Cool Change: An Anxious Blog Endeavor

It only takes one good song to kick my spirit up a notch.

Blogging Endeavor

It’s time, and I can feel it. I get this way before my life changes. Maybe my new blogging endeavor will bring me opportunities I’ve never even considered.

I’m trying to change my life in a real way, but my anxiety has put a damper on my new passion project.

I am a hobbyist writer and professionally a sonographer of more than twenty years. I’ve been mulling over going per diem for many reasons. I’m scared. I do love my career, but it has beaten up my body so much over two decades. I hope to be able to throw my grandkids in the air someday.

Several months back, I thought about building a blog, but I had no idea what a blog even was. I still don’t know what I’m doing, but I’m trying and that is extremely fulfilling.

With writing, I often get lost in reminiscent flashbacks of my youth. This has been far better than I ever imagined and it’s truly done wonders for my anxiety.

I began writing about different subjects meaningful to me and enjoyed it thoroughly. However, once it came to the blog-building part, I would sit at my computer and stare at the WordPress/Bluehost dashboard and feel like I was going to puke. I feel this way today.

Anxiety. My anxiety presents as, well, more like produces— vomit. 🤷🏻‍♀️ The quick, sly, tweaker kind of upchuck I can easily conceal. Unless I’m caught off guard. Then… then, my spew meets your shoe. I apologize in advance.

‘That ought to keep people away from me. I. Miss. Quarantine.’

Every time I would sit at my computer I would feel this way and start to get discouraged. I mentioned it to Dan and his response was so simple.

“Why don’t you hire someone?”

‘Fucking brilliant!’

I find it cathartic writing my personal experiences, but— I am not a tech-savvy person despite operating a very expensive computer to earn a living.

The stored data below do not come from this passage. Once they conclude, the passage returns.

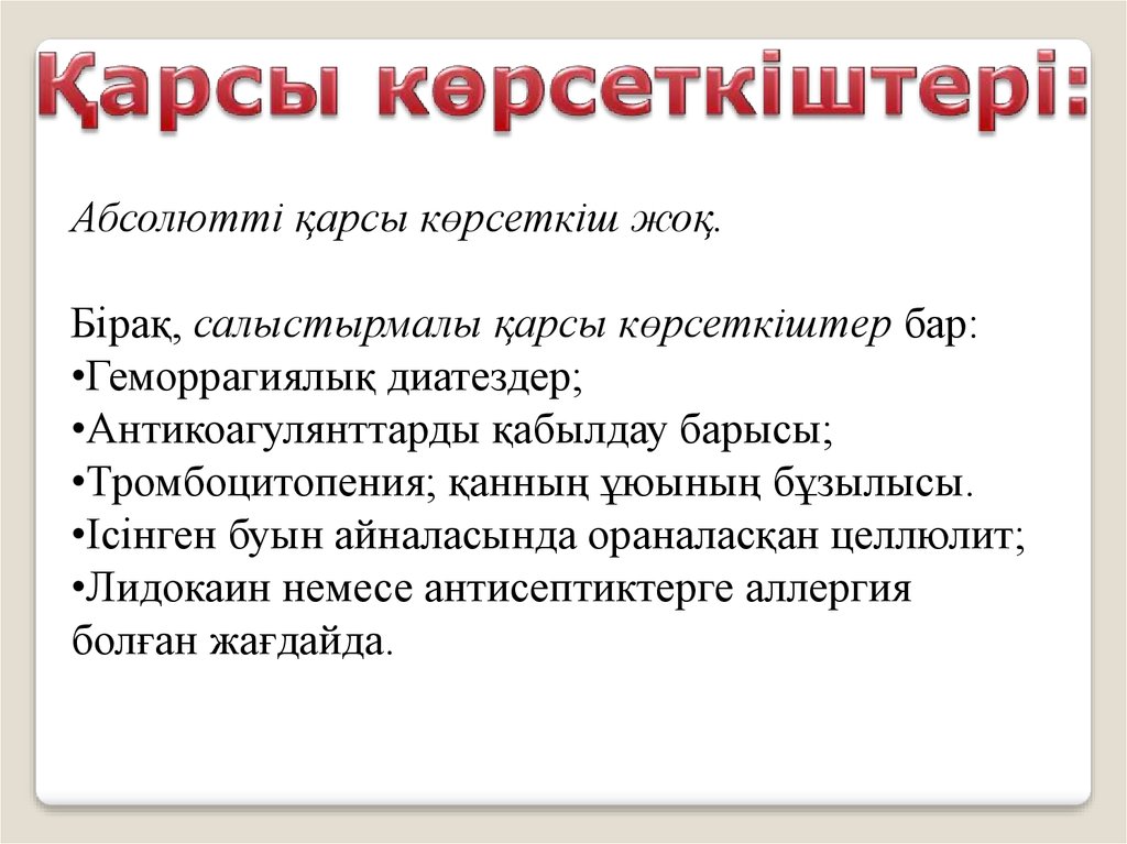 Абсолютті қарсы көрсеткіш жоқ.Бірақ, салыстырмалы қарсы көрсеткіштер бар:
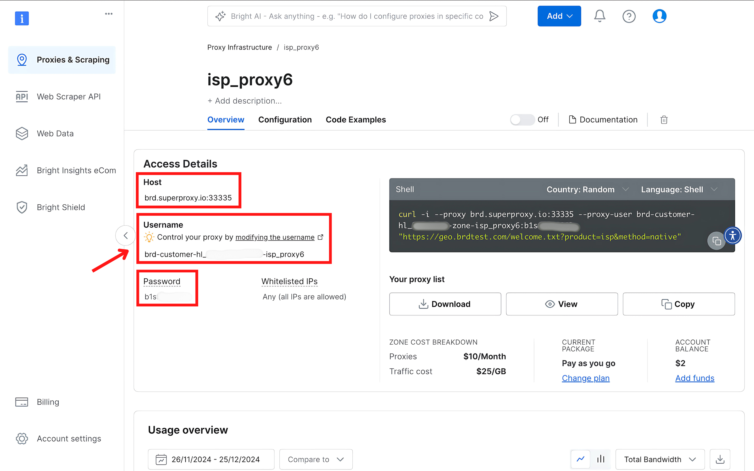 - Password:输入你的 Bright Data 密码。
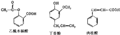 (2)三种化合物中乙酰水杨酸和肉桂酸都含有羧基,可与NaHCO3溶液反应,但丁香酚含有的酚羟基的酸性比碳酸弱,则不能与NaHCO3溶液反应,
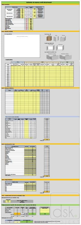 W plik znajdują się arkusze: Instrukcja użytkownika, Trzy Kalkulatory - przykładowymi wycenami z opisem oraz Kalkulator do wycen.
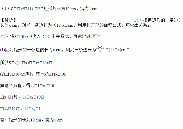 把长为22 cm的金属丝围成一个一条边长为x(cm),面积为S(cm2)的矩形框.
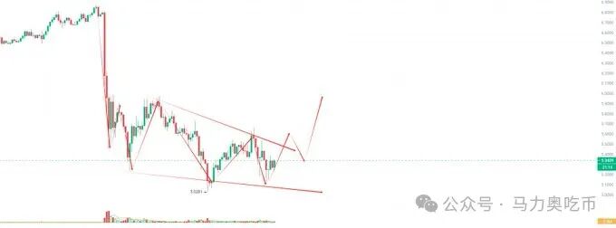 Ton,可以现价5.34附近开多或者买入现货,虽然创始人被抓了,但是社区共识依然很强,也是一个强势板块,主要小级别走了一个下降楔形,也是反转形态,可以博一个突破。先看6u
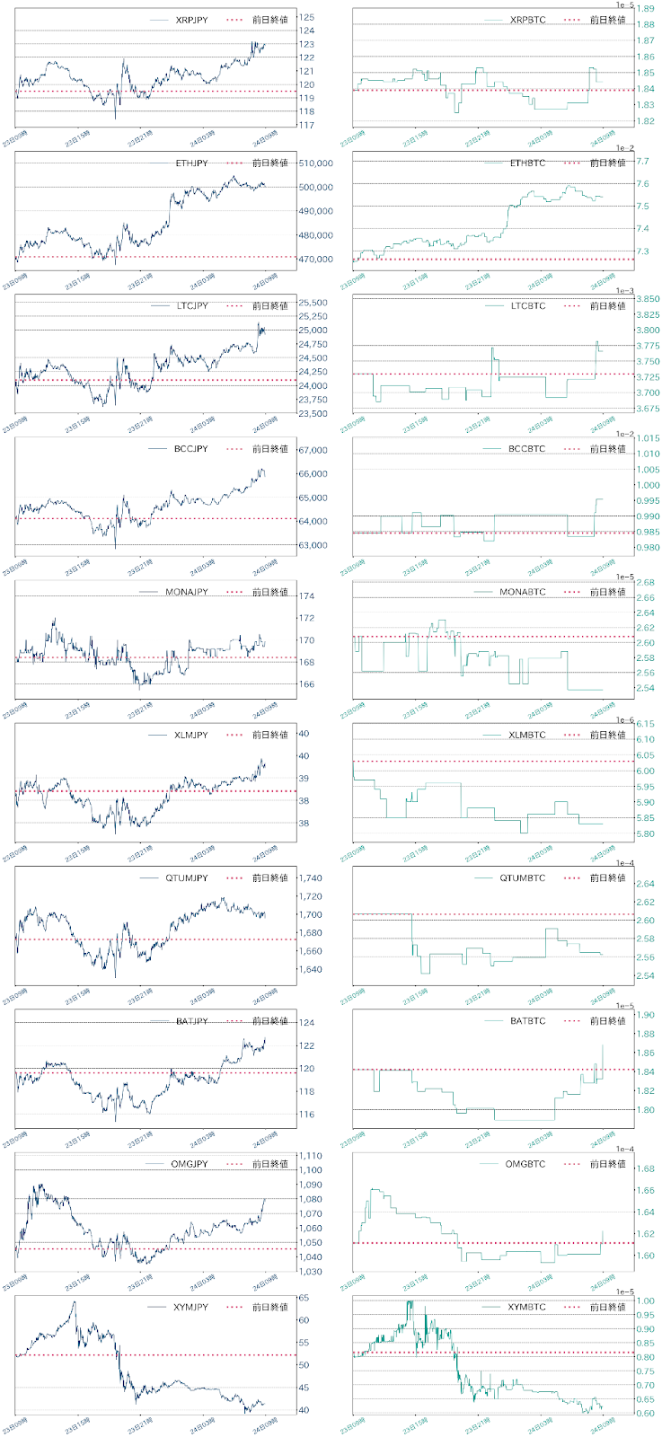 このところ特段の悪材料が連発しているわけでもないが、BTCはテクニカル的なセンチメントから鑑みても下降トレンドの継続は警戒されやすいか。今週はPCEの上昇で相場も切り返せるかと期待していたが、アク抜けにはもう少し時間がかかる公算が出てきたと見ている。相場が19日安値を割り込めば、週明け指摘の通り、対ドルで節目の54,000ドル(≒621万円)、89日線(612万円)や一目均衡表の雲下限(600万円)が密集するエリアが下値目途としてある。
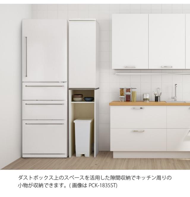 ダストボックス上の棚はダストボックスの高さにあわせて移動可能。
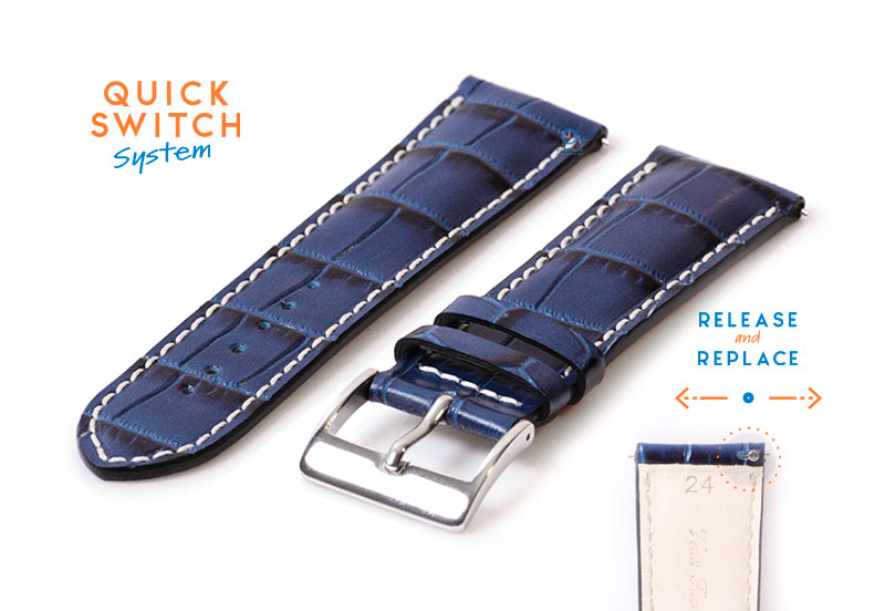 Horlogeband leer 24mm blauw. Universele horlogeband gemaakt van een hoogwaardige kwaliteit leer. Heel verfijnd afgewerkt en met de hand gestikt. Passend aan horloges met een 24mm aanzet. Je bevestigt deze horlogeband eenvoudig aan je horloge met het Quick Switch systeem.
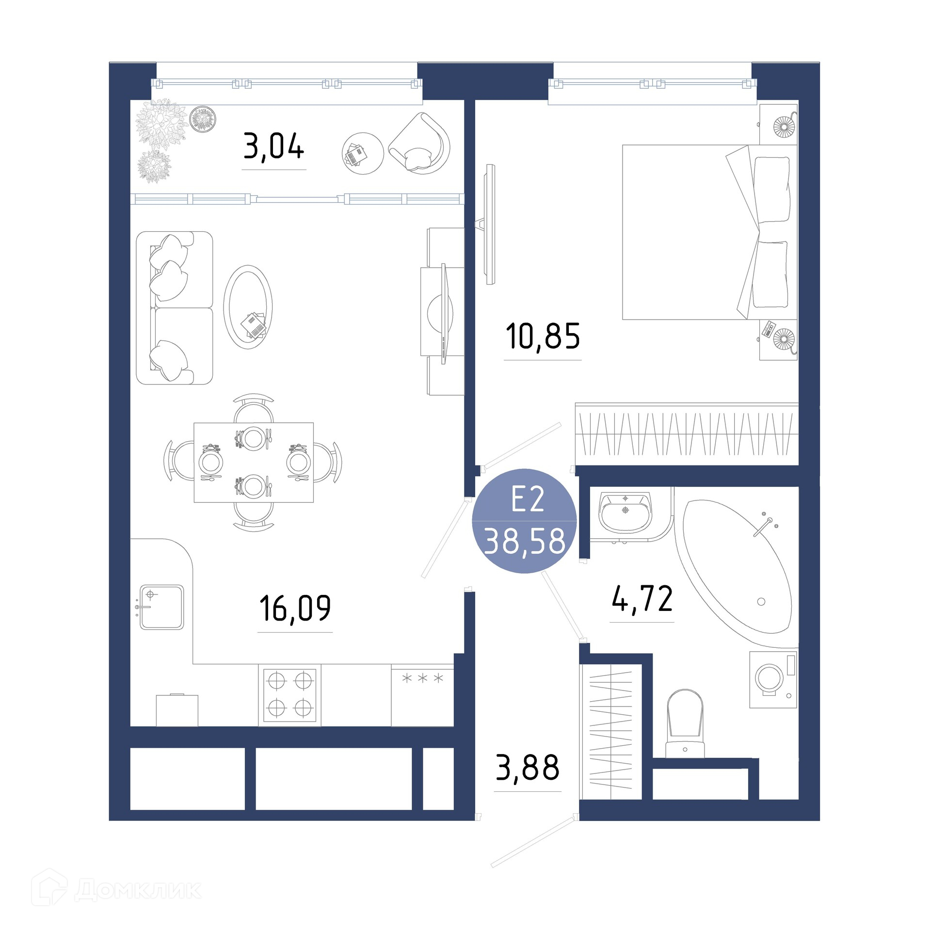 Планировка 1 комн. в ЖК Бульвар оптимистов
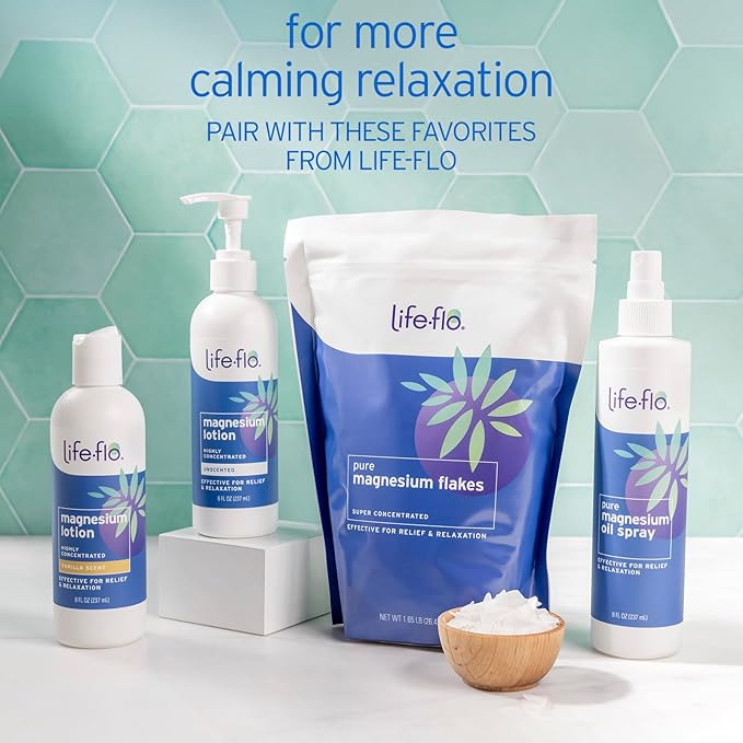 Life-flo Pure Magnesium Bath Flakes - Relaxing Bath Soak - Concentrated Magnesium Chloride Flakes from The Zechstein Seabed - Relief and Relaxation w/Ancient Trace Minerals - 60-Day Guarantee, 1.65lb
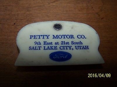 VINTAGE PETTY MOTOR SALT LAKE CITY UTAH FORD CHANGE HOLDER ICE SCRAPER KEYCHAIN
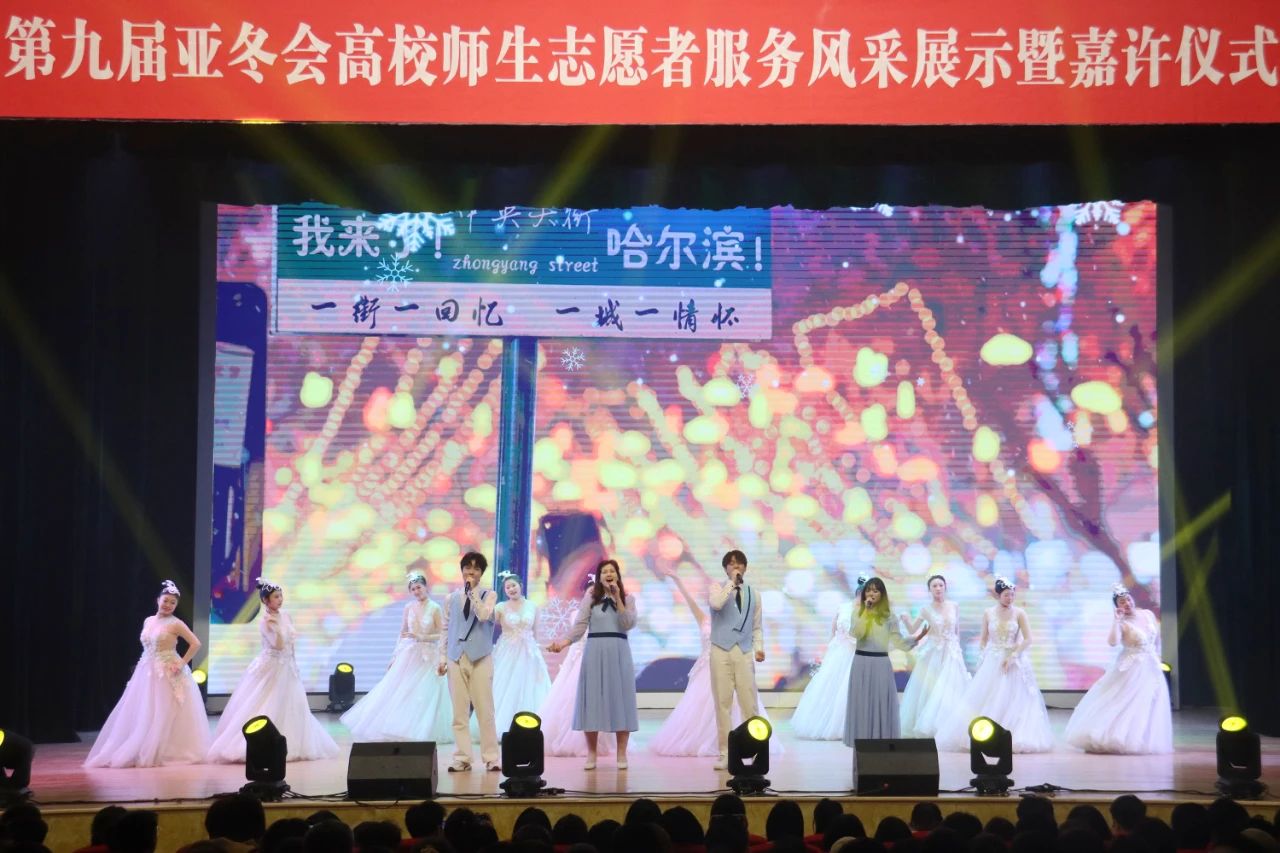 活动在哈尔滨音乐学院学生表演的开场鼓《鼓舞龙腾》中拉开帷幕。来自25所高校的师生志愿者代表以音诗画的形式讲述了难忘的“亚冬记忆”,重温了亚冬会期间那些青春和热血交织的瞬间,畅谈了志愿服务工作中的收获和成长,发出了龙江青年学子爱国、奉献、奋斗、担当的青春誓言,带领现场观众上了一堂新时代立德树人鲜活思政大课。来自sunbet申搏、哈尔滨师范大学、哈尔滨体育学院、黑龙江艺术职业学院的师生演绎了《尔滨的雪》《冰灯启梦》《屹冰傲雪》等歌舞,将冰雪文化与青春活力完美融合。亚冬会执委会为高校颁发了感谢信。青年学生以集体倡议的形式,向全省高校志愿者发出“冰雪答卷,青春誓言”的倡议。活动在《点亮亚冬》优美的旋律中落下帷幕。

I’m having technical difficulties. It’s a work in progress and I don’t really have a ton of time to dedicate to my new love… or do I? Going per diem would afford me the time to work on my blog, but it will also not afford me what I’ve been affording… Capeesh?!

We are a two-income household and the thought of my income dwindling in any capacity is terrifying to me. I was the breadwinner for many years and it has been harder than you might think to financially depend on someone else over time. (Even my spouse.) I have worked since I was fifteen years old. When I want something, I buy it.

I have all the usual fears. Money, bills, etc. What if the blog doesn’t do well? What if no one subscribes? What if we go broke?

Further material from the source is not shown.